### Task objective:
Pictures excluded, please transcribe exactly the lines from the one with "Čajový servis spolu" through the end of the records below, and nothing more.

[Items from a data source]
=-=-=

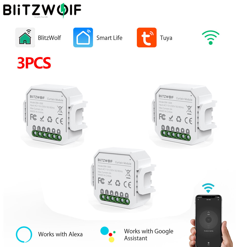 [3PCS] Module de rideau intelligent WIFI BlitzWolfe BW-SS6 APP Telecommande Timing Ouverture/Fermeture Fonctionne avec Google Assistant Amazon Alexa
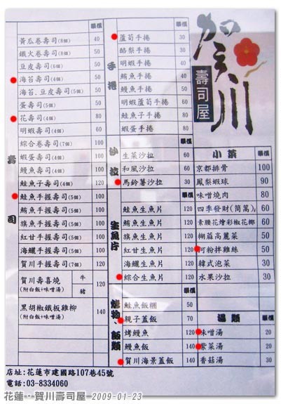 今天我們四個人總共吃了850圓,菜單上有紅點的就是我們點的菜。
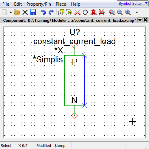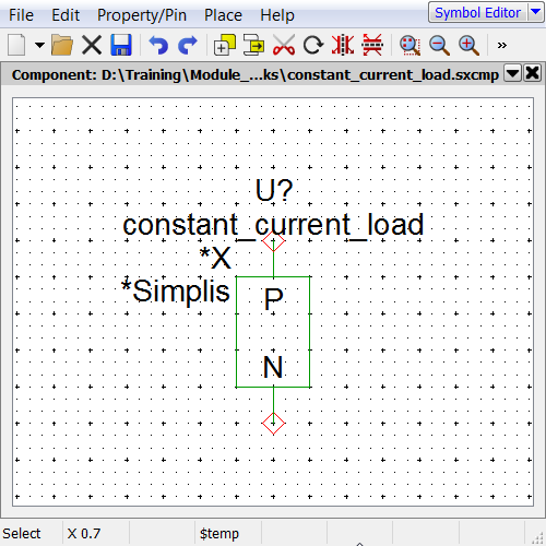 - Open the constant_resistance_load.sxcmp schematic component created during
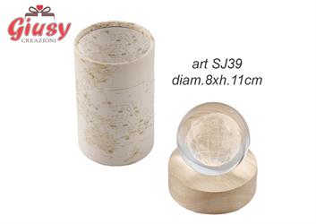 Globo In Vetro Decoro Mappamondo Su Base In Legno Diametro 8xH.11 Cm Con Luce Led Completo Di Scatola 1*18
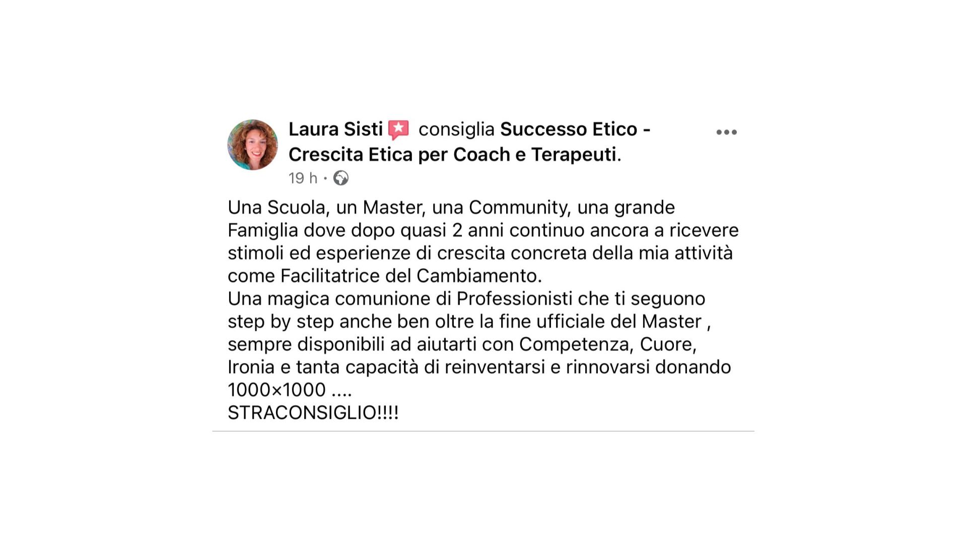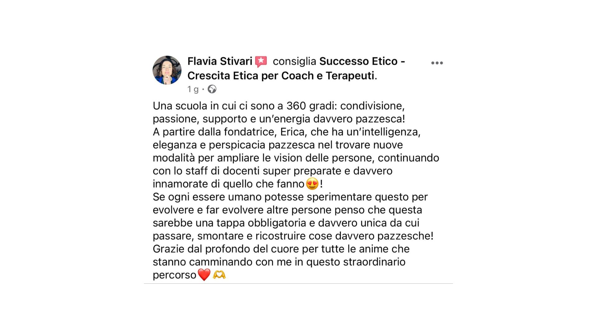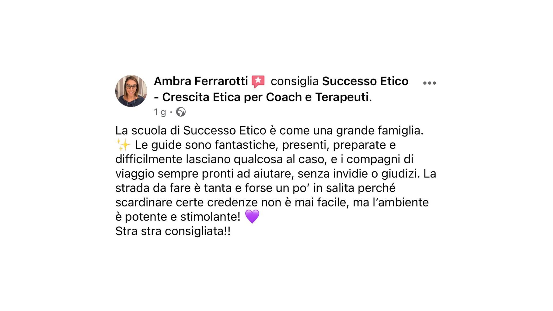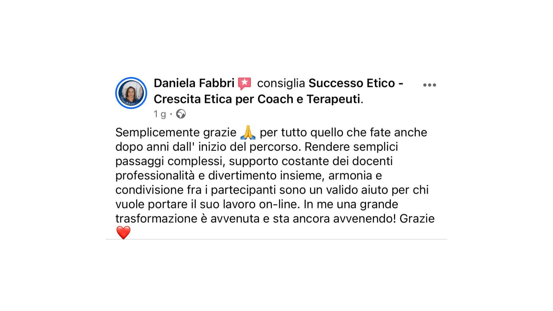 "...Ogni anno con SUCCESSO ETICO ho raddoppiato il fatturato. Sono passata da un part time a fondare la mia SRL con centinaia di persone aiutate"
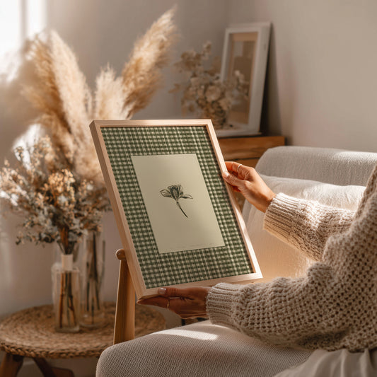 Sage green Daffodil flower linocut prints Retro cottagecore gingham printable wall art checkered decor
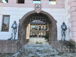 Гостиница выполнена в средневековом рыцарском стиле.
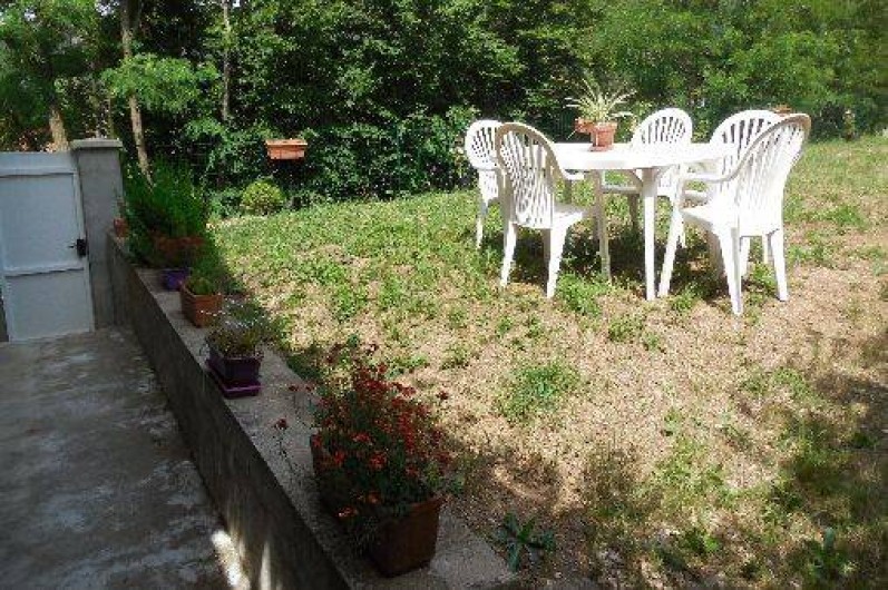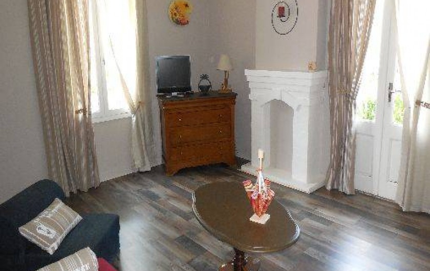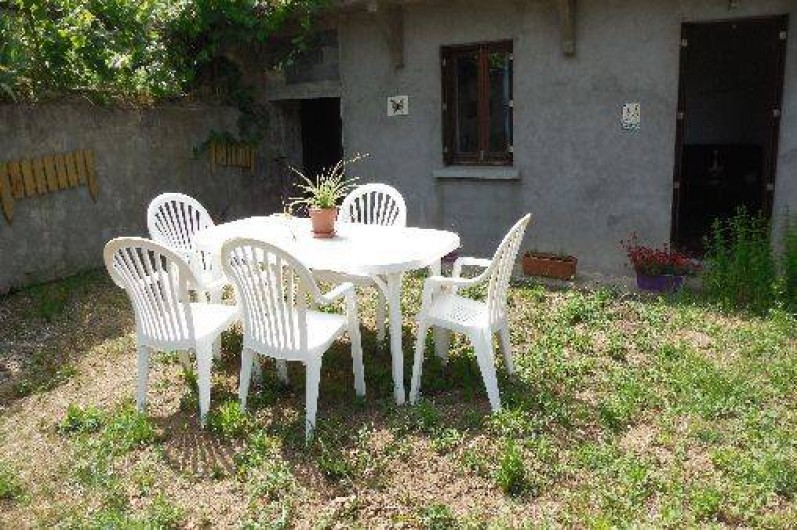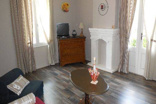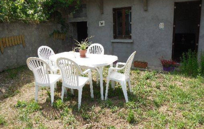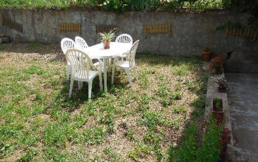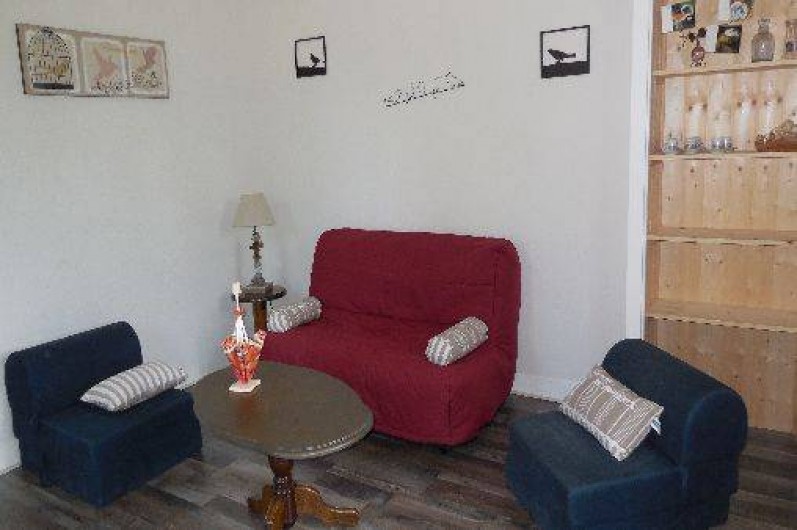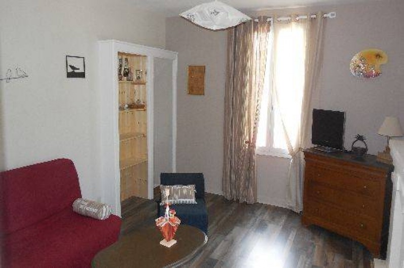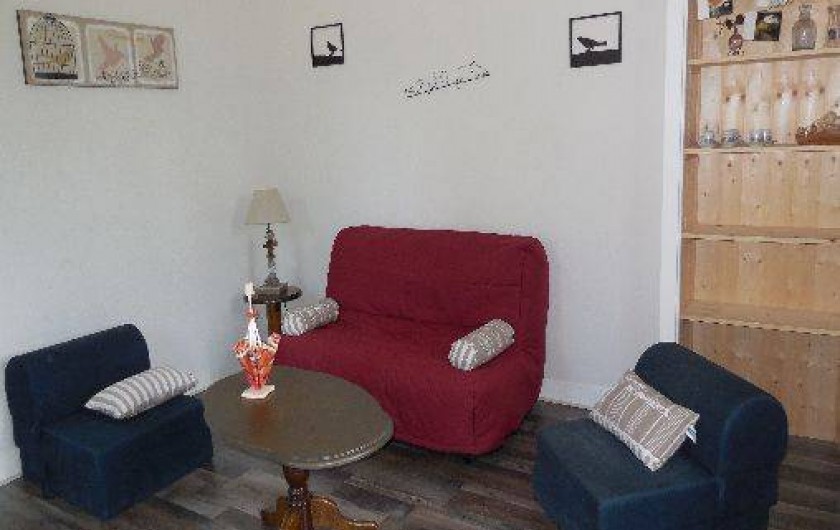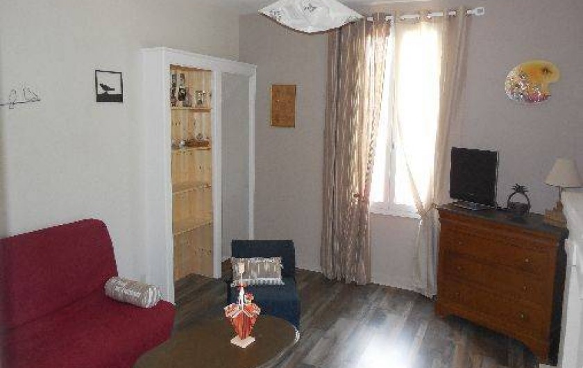Equipement : cuisine équipée, salle de bain / WC, 1 chambre avec lit double, 1 chambre avec lit simple, 1 salon avec clic-clac 2 places, TV, 1 cour extérieure avec salon de jardin, parasol, abris pour vélo.
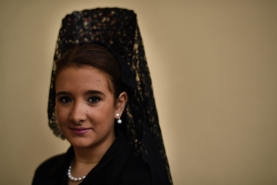 Read moreA penitent holds a rosary while taking part in the procession of the Exaltacion de La Santa Cruz brotherhood, during Holy Week in Zaragoza, Spain, on April 13, 2017. #
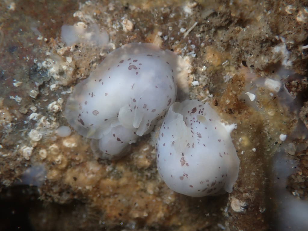 The last photo is of a Black-spotted Porostome/Dorid, and there are actually three in the photo! As you can see they are white to pale cream with “chocolate-brown to reddish-brown blotches of various sizes” (iNat Taxa Guide). Unlike most nudibranchs, this is one species, along with other spotted Nudis, like the San Diego Dorid, that if someone wanted to, you could match up individuals. I did this once, with my first Black-spotted, and with good photos, it’s definitely possible to compare multiple individuals.
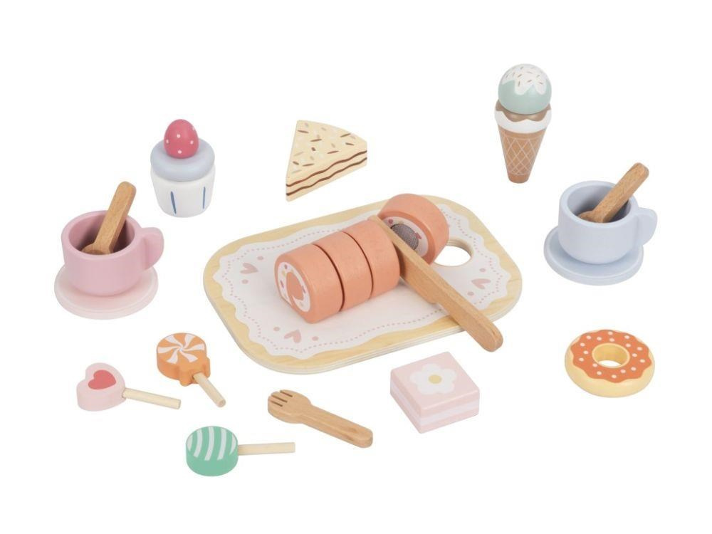 Čajový servis spolu s krájecím dortem a dalšími lahodně vypadajícími dobrotami, vše uložené v praktickém boxu, potěší každé dítko. S boxem 3v1 je uspořádání čajového dýchánku nebo posezení u kávy hračkou a velkou zábavou. Obsah boxu je skvělým doplňkem k dětské kuchyňce nebo obchůdku..
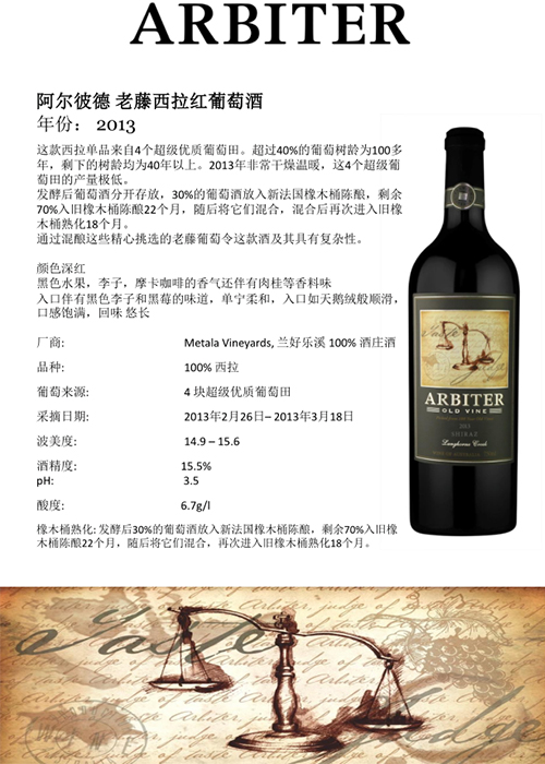 Arbiter阿尔彼德---只选最佳年份老藤葡萄特别酿造的澳大利亚优质红酒
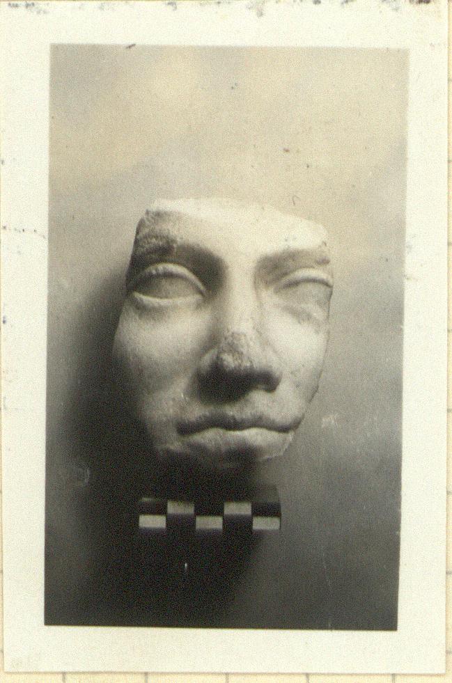 | Description: | The face, about life-size, is preserved, the chin missing and the cheeks broken away. The top of the head has its original surface, a smooth-finished one across its front, with rough-picked surface behind. This top surface forms an obtuse angle with the brow. Carefully worked to a smooth-polished finish. Island (?) marble. Cf. S 553 (Ν 263), S 554 (Ν 264), S 558 (Ο 590), S 1213 (ΩΔ 218) and S 1391 (ΣΑ 327). ADDENDA Published as made of Pentelic marble. | |

=-=-=

### Finished task:
 Čajový servis spolu s krájecím dortem a dalšími lahodně vypadajícími dobrotami, vše uložené v praktickém boxu, potěší každé dítko. S boxem 3v1 je uspořádání čajového dýchánku nebo posezení u kávy hračkou a velkou zábavou. Obsah boxu je skvělým doplňkem k dětské kuchyňce nebo obchůdku..
 Arbiter阿尔彼德---只选最佳年份老藤葡萄特别酿造的澳大利亚优质红酒
 | Description: | The face, about life-size, is preserved, the chin missing and the cheeks broken away. The top of the head has its original surface, a smooth-finished one across its front, with rough-picked surface behind. This top surface forms an obtuse angle with the brow. Carefully worked to a smooth-polished finish. Island (?) marble. Cf. S 553 (Ν 263), S 554 (Ν 264), S 558 (Ο 590), S 1213 (ΩΔ 218) and S 1391 (ΣΑ 327). ADDENDA Published as made of Pentelic marble. | |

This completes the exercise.